The $40,000 he received was then the largest bonus paid by the Cardinals. “He’s got a great arm,” Cardinals manager Eddie Stanky told the Post-Dispatch after seeing Schofield work out with the team. “His hands are extremely quick.”
Under the rules then, an amateur player signing for more than $6,000 was required to spend his first two seasons with the big-league team.
Schofield, 18 and looking younger, joined the Cardinals in New York. “I was scared to death,” he recalled to Peary. “The team was playing Brooklyn and I checked into the Commodore Hotel in Manhattan. Then I rode to the ballpark with Stan Musial and Red Schoendienst. They asked me to come along. Imagine that!”
Schofield was assigned to room on the road with the Cardinals’ backup catcher, Ferrell Anderson, 35. “He was like my dad and took good care of me,” Schofield told Peary. “He made it easier for me.”
Learning curve
Schofield was called Ducky by Cardinals players after they were introduced to his father and learned it had been his nickname.
He didn’t get into a game during his first month with the Cardinals, and spent his days being mentored by Stanky and shortstop Solly Hemus.
Stanky “knew baseball better than anybody I ever met,” Schofield told Peary. “Stanky and Hemus helped me learn to play shortstop in the majors, especially turning the double play.”
On June 25, in a game at St. Louis, Stanky complained that Giants pitcher Jim Hearn wasn’t coming to a stop in his delivery. After losing his argument with umpire Augie Donatelli, Stanky threw a towel from the dugout and got a warning from the ump, the Post-Dispatch reported.
Not wanting to back down, but not wanting to get ejected, Stanky turned to Schofield. Knowing the rookie wouldn’t get into the game, Stanky told him to toss a towel, according to the Society for American Baseball Research. Schofield obeyed, and Donatelli ejected him from a game before he’d ever played in one. Boxscore
Hello and goodbye
When Schofield made his big-league debut, on July 3, 1953, against the Cubs at Chicago, it was as a pinch-runner. Boxscore
His first hit came two weeks later, a single versus Johnny Podres at Brooklyn.
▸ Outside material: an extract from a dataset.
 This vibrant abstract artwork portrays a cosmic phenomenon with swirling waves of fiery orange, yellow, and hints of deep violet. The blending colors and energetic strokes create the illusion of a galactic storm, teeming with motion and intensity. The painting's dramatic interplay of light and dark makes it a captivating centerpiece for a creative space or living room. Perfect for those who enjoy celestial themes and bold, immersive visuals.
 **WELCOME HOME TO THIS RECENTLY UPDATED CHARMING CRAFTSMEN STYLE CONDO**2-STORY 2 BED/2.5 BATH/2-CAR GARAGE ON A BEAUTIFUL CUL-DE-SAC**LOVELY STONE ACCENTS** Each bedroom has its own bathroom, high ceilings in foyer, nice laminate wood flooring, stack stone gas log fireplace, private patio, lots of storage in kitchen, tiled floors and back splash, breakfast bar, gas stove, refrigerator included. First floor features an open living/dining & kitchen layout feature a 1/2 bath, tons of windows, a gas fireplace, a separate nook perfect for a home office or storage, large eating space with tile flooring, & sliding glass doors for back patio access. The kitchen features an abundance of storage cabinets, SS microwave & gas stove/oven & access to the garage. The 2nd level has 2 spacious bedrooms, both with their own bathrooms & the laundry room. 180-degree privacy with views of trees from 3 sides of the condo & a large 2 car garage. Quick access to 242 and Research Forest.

Boxscore
Used primarily as a pinch-runner, Schofield hit .179 for the Cardinals in 1953 and .143 in 1954.
With the two mandatory seasons on the big-league club completed, Schofield spent most of the 1955 and 1956 seasons playing for manager Johnny Keane at minor-league Omaha.
(Schofield married his wife Donna in Omaha in 1956. Tyrone Power and Kim Novak, in town to promote their movie, “The Eddy Duchin Story,” sent them a cake, the Post-Dispatch reported, and that’s why the Schofields’ first child, a daughter, was named Kim.)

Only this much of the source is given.